Building your own DNS proxy, part 1: The basics

by James Hale

Over the past year, I have explored various DNS “smart” proxy services to use in a couple of my environments. The experience with some of these paid services, like Unblock.us and Unlocator, left a lot to be desired, so I decided to set out and build my own.

The paid services worked OK, when they did work. They did not, however, operate at a “set it and forget it” level of stability. At least, not enough for my liking.

When I’m working on a personal project, I strive to be bothered as little as possible, once it’s complete. So, if I have to keep mucking with configurations or white listing IPs, on an ongoing basis, then I’m going to seriously start looking for a different way to do things.

Like I said, these worked well enough, most of the time, so I wasn’t inspired enough to investigate alternatives yet.

I then started to research how these smart proxies actually worked. When you look at their sites, they really only advertise “DNS” services, but that didn’t sound right. I didn’t see how redirecting my DNS queries would fool some services into thinking that my network requests were coming from a different location.

As it would turn out, these proxies have you forward all of your DNS queries to them, they take select DNS zones (like those of service “X”, for which you want to get around the geo-blocking.) and return altered DNS results to you, which points you at their proxy, instead of the service directly. This causes you to transit and egress their network infrastructure, which may be in a more “favorable” geographic location than you are, as far as the service is concerned. Basically, it’s a DNS MITM with a sprinkling of traffic proxying.

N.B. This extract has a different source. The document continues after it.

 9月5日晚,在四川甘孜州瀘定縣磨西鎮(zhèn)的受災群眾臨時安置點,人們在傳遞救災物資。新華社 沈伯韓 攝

The idea of paying for a service to which you send some of your Internet traffic and ALL of your DNS lookups is a huge security risk and didn’t sit too well with me. That, coupled with the fact that if you want to use it for more than one source IP (I use this in a few different environments), you would need pay for multiple accounts.

Once I understood how these services worked, I realized that a DIY solution wasn’t hard to implement, especially in the era of cloud computing and VPS, where you can really put these network egress points anywhere in the world. This also allows you to tailor it to your situation. Trying to access a service in the US? Put an instance in Ashburn or New York. The UK? Put it in London. You can even get granular and put instances in AWS or DigitalOcean data centers in different parts of the US to get around regional blocking.

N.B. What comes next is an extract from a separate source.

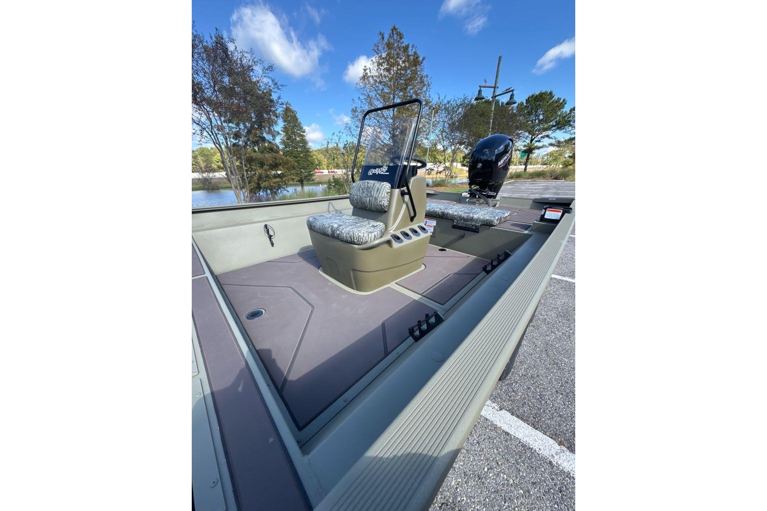 Unleash the power of the TRACKER® GRIZZLY® 2072 CC, a formidable all-welded aluminum jon boat designed to tackle a multitude of tasks, whether it's inland or inshore fishing, hunting, or utility work. Boasting a massive build, this boat is ready to conquer any challenge you throw its way. The innovative center-console design not only offers 360° fishability but also provides the driver with enhanced visibility when navigating through narrow and shallow waters, ensuring a smooth and controlled ride. With the capability to be powered by up to 150 HP, the GRIZZLY 2072 CC delivers unmatched power and range for your adventures on the water. Constructed with 100% aluminum, featuring a .100 hull and .190 floor, this boat guarantees exceptional durability and longevity. The hull, stringer, transom, and decks are meticulously all-welded to create a rock-solid, unitized structure that can withstand the harshest conditions with ease. Backed by the reliable TRACKER PROMISE, offering the best factory warranty in aluminum boats, the GRIZZLY 2072 CC provides you with peace of mind and confidence in your investment. For those looking to personalize their vessel, optional TrueTimber camo patterns and a MarineMat kit are available, allowing you to tailor your boat to suit your preferences and style. Experience unparalleled versatility, power, and durability with the TRACKER GRIZZLY 2072 CC, your ultimate companion for a wide range of water activities.

Of course, the real cost here isn’t the compute, as these types of proxies don’t really do much, but rather the network transit. If you’re only proxying one or two heavy hitters, in terms of bandwidth utilization, then this shouldn’t be a huge issue.



Step one: Get set up.

You’ll need to pick out a cloud or VPS provider to host the proxy on. Since I was running an instance on DigitalOcean to host a couple of websites at the time, I already had an account set up, so I’m built this out there. However, this can be easily adapted to use any IaaS provider.

I created an instance (a “droplet”, in DO’s parlance), using their Ubuntu 14.04 LTS image. I gave it my SSH key to use and assigned to it a floating IP address (Elastic IP, for the AWS users). The reason for the floating IP is that I want to be able to change out the instance, without having to go back and update DNS settings on multiple endpoints (computers, routers, etc). Just re-associate.

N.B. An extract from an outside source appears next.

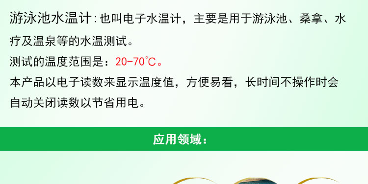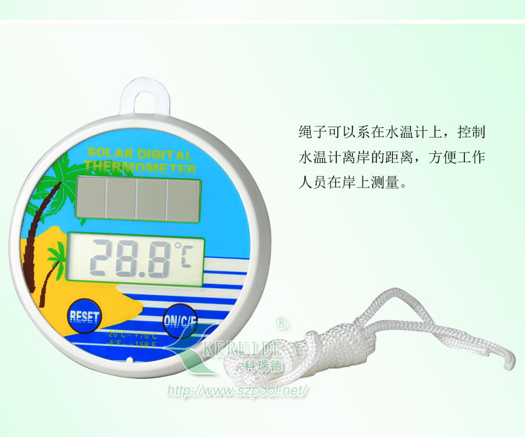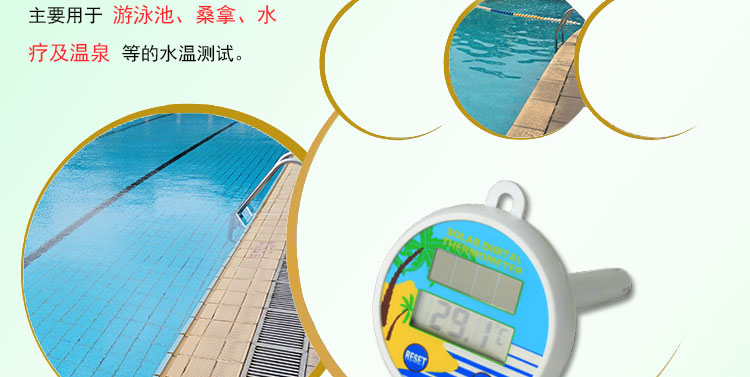 游泳池水溫計,也叫電子水溫計,是游泳池溫度計的一種。主要是用于檢測游泳池、桑拿、水療及溫泉等的水溫,檢測溫度范圍是:20-70℃。

Ubuntu 14.04 LTS works fine here

Choose the smallest size you need, based on the amount of network transit.

Pick where you want to “appear” to be coming from.

Name it something sensible and fire away!

Once the instance came up, I installed bind9, to serve DNS requests, sniproxy, for the actual passing of traffic, and their dependencies.

sudo add-apt-repository -y ppa:dlundquist/sniproxy
apt-get -y update
apt-get install -y sniproxy bind9

Note: At the time of this writing, sniproxy didn’t have a package for Ubuntu 16.04. So, unless we choose to build it from source instead, we’ll have to pin our instance to 14.04 for now.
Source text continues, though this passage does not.